Carter began serving in the House of Burgesses in 1676, the year of Bacon's Rebellion, which changed the colony's relationship with the Board of Trade in London. He also had a substantial library of several hundred volumes.

==Death and legacy==
Carter died in 1690, possibly of malaria contracted three years earlier, and which had necessitated his replacement as justice of the peace at that time. Some of his estate and slaves went to his widow, who in June, 1691 took her third husband. She became the fourth wife of Col. Christopher Wormeley, also on the Governor's Council. According to various provisions, their 14-year old daughter Elizabeth received money (some entrusted to his London merchants), land and ten Negroes (which she would inherit at age 18) and the "negro Childe Bridget to waite upon her". John Carter's will also provided that his brother Robert Carter would receive the mill and other real estate if John's daughter Elizabeth did not have children—and in fact she died of measles in November 1693, shortly after her marriage to the son of Richmond County burgess (and Col.) William Lloyd, and that estate became subject to litigation because of her deathbed will naming her husband John Lloyd as her executor. John Carter's will also provided that his brother Charles (then in England) would only receive 3 pounds sterling (as did Robert) to buy a mourning ring. Even this, however, produced litigation, as several unpaid creditors sued. The court early on found some collusion and sales had taken place between the overseers, but dismissed charges against the immediate family. Moreover, after the widow's remarriage, her husband, Wormeley, sued on her behalf for her dower rights (which one descendant considered a formality), but lost after she died in 1693. Then John Lloyd became one of the administrators of his late father-in-law's estate to replace his wife, but decided to leave the colony for England in 1700, leaving his burgess brother Thomas in charge of his Virginia plantations. Thirty years later the Court of Chancery in England ordered them sold to pay the debts of Lloyd's estate, and Robert Carter purchased them.

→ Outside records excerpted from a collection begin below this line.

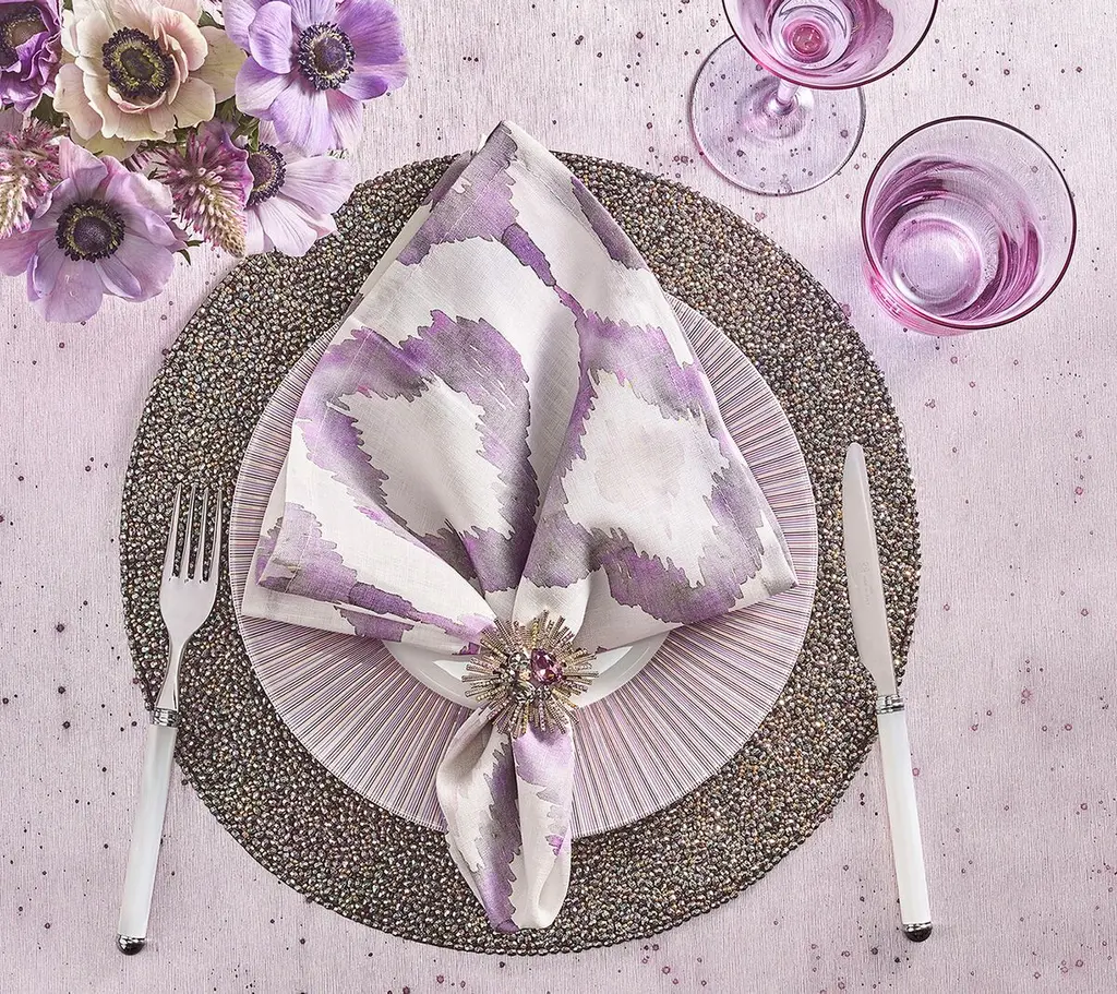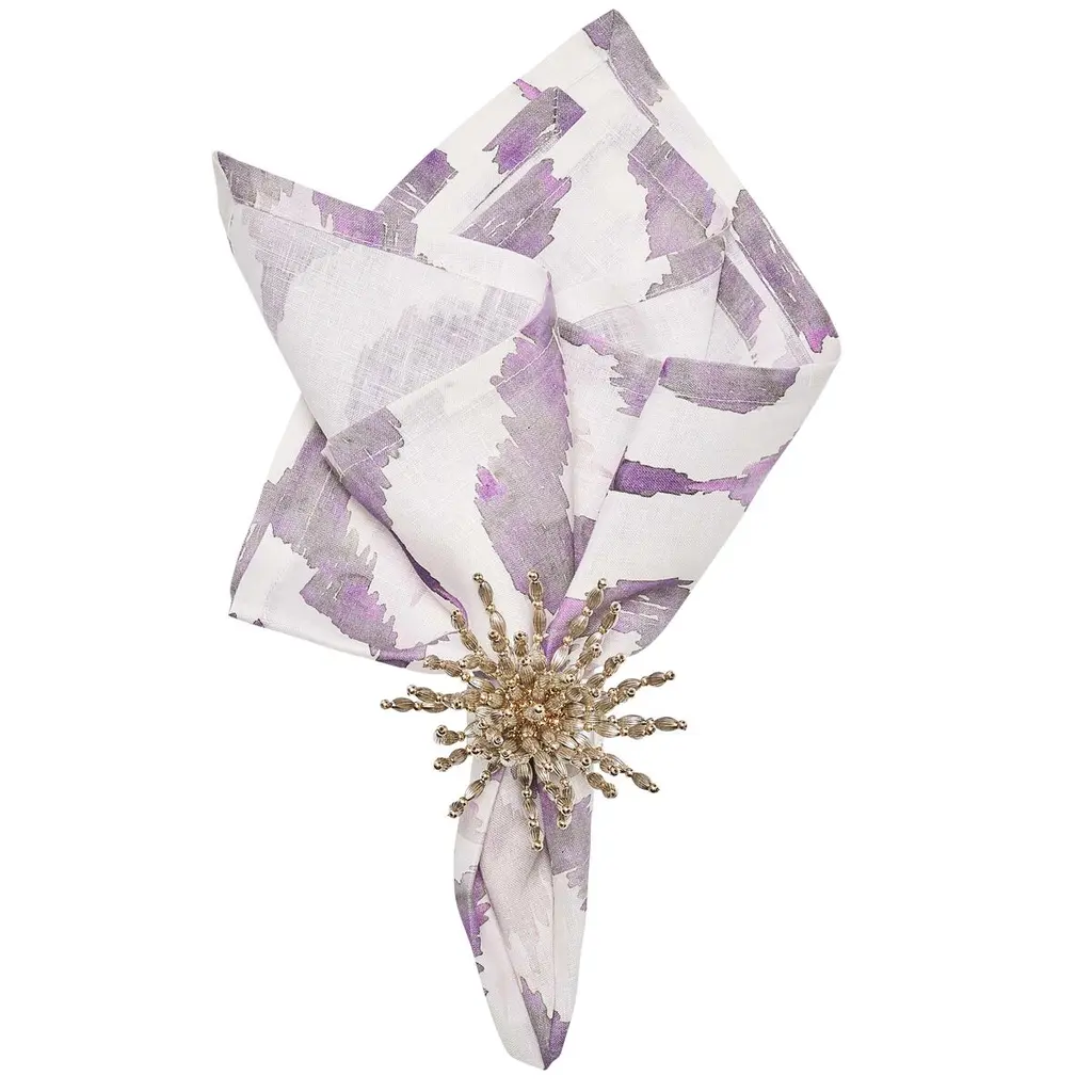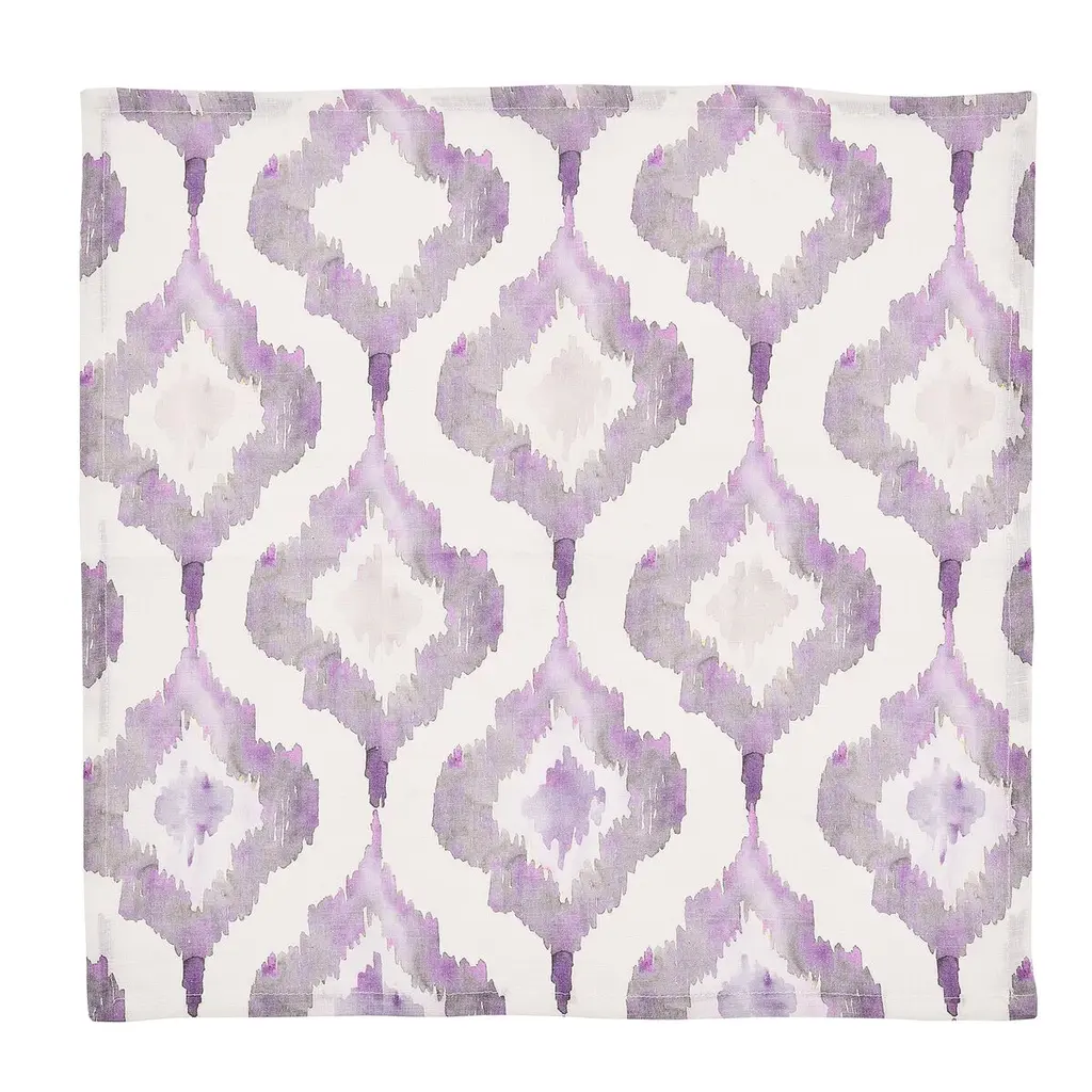The Watercolor Ikat Napkin features a modern take on the traditional Indonesian Ikat pattern. A hand-painted Ikat pattern is printed digitally on the linen napkin.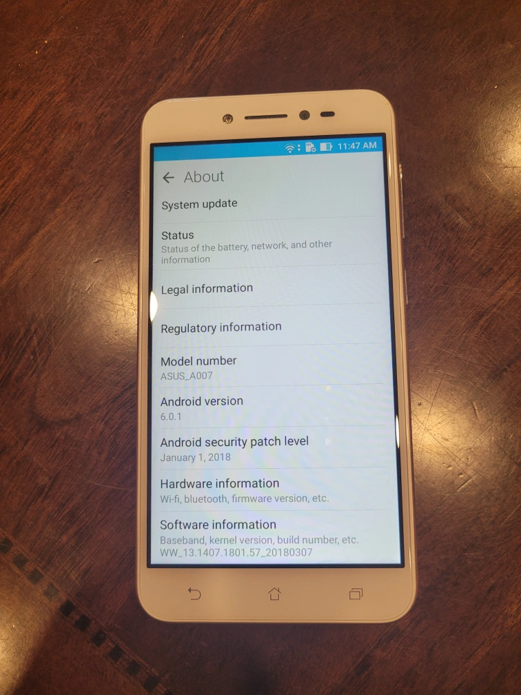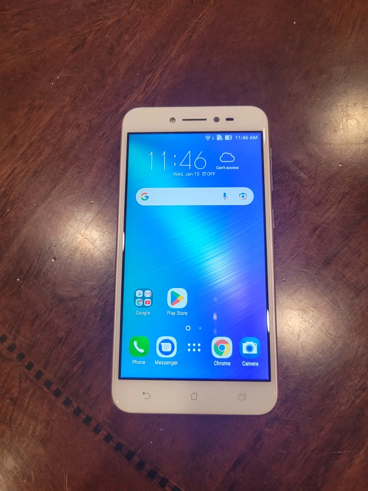 Pre-owned ASUS ZenFone A007 Android smartphone. Rose gold colour. 10 GB of internal storage, about 2.5GB used for required operational service.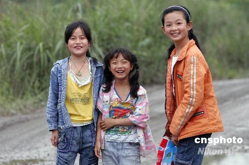 組圖:地震災(zāi)區(qū)孩子漸露童真笑臉(5)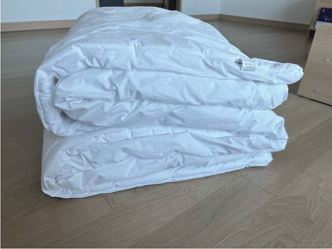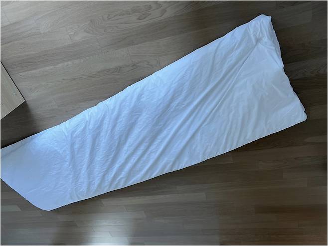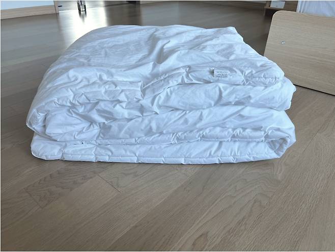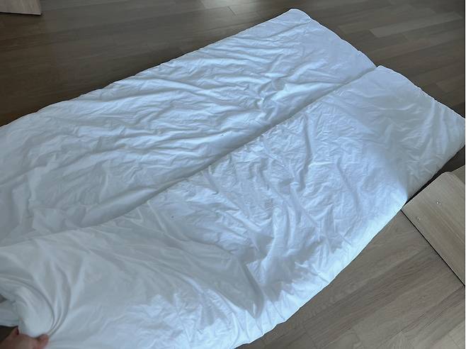 먼저 이불을 쫙~ 펼쳐준 후 가로로 1/3 접어주세요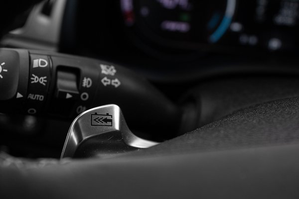 Az Ioniqban már láttunk ilyet: a kormány mögötti fülek lényegében pont olyanok, mint amikkel a sportosabb automataváltós autóknál fokozatkapcsolni lehet, ha arra van kedved. Szóval mint a kormányváltók, de itt a motorfék mértékét szabályozzák ezek a fémes érzetű flepnik. A balt húzogatva egyre erősebb lesz a motorfék, és vele a visszatáplálás mértéke, a jobbal pedig ugyanaz visszacsinálható. 65 km/h-ig lehet vele egypedálos módot is játszani. Ez a Nissan Leafben sokkal jobban ki van találva, ott tényleg elég a gázpedált nyomni/felengedni minden élethelyzetben, itt viszont folyamatosan húzni kell a bal kart, ha azt akarjuk, hogy a mechanikus fékek használata nélkül állóra fékezze magát. Az első fokozat a legésszerűbb, kábé mindenhova elég szinten fogja meg az autót, de azután kényelmetlenül erősen fog. Nem hiszem, hogy egy többéves együttélés alatt sűrűn kapcsolgatnám ezeket, de azt megadom, hogy egy nagyobb lejtmenet előtt tuti mindig feltolnám maxra, hogy gyűljön a kilométer, és véletlenül se a fékek kopjanak. Bár ezt nem túl éleseket fékezve alighanem levezérelné a Niro is magától, csak talán nem ennyire dogmatikusan.

The second provision of Carter's will freed four slaves—Richard and his wife Chriss and their two daughters—and gave them a piece of land, cattle, barrels of corn and peas, and lumber to build a cabin. Richard (sometimes referred to as "Free Dick" or "Black Dick" or "Free Richard") married Elizabeth after Chriss' death and had a second son. He last appeared on the tithables list in 1706, and probably died soon thereafter. Many generations later, his descendant, Armistead Nickens became the first Black representative for Lancaster County in the Virginia House of Delegates.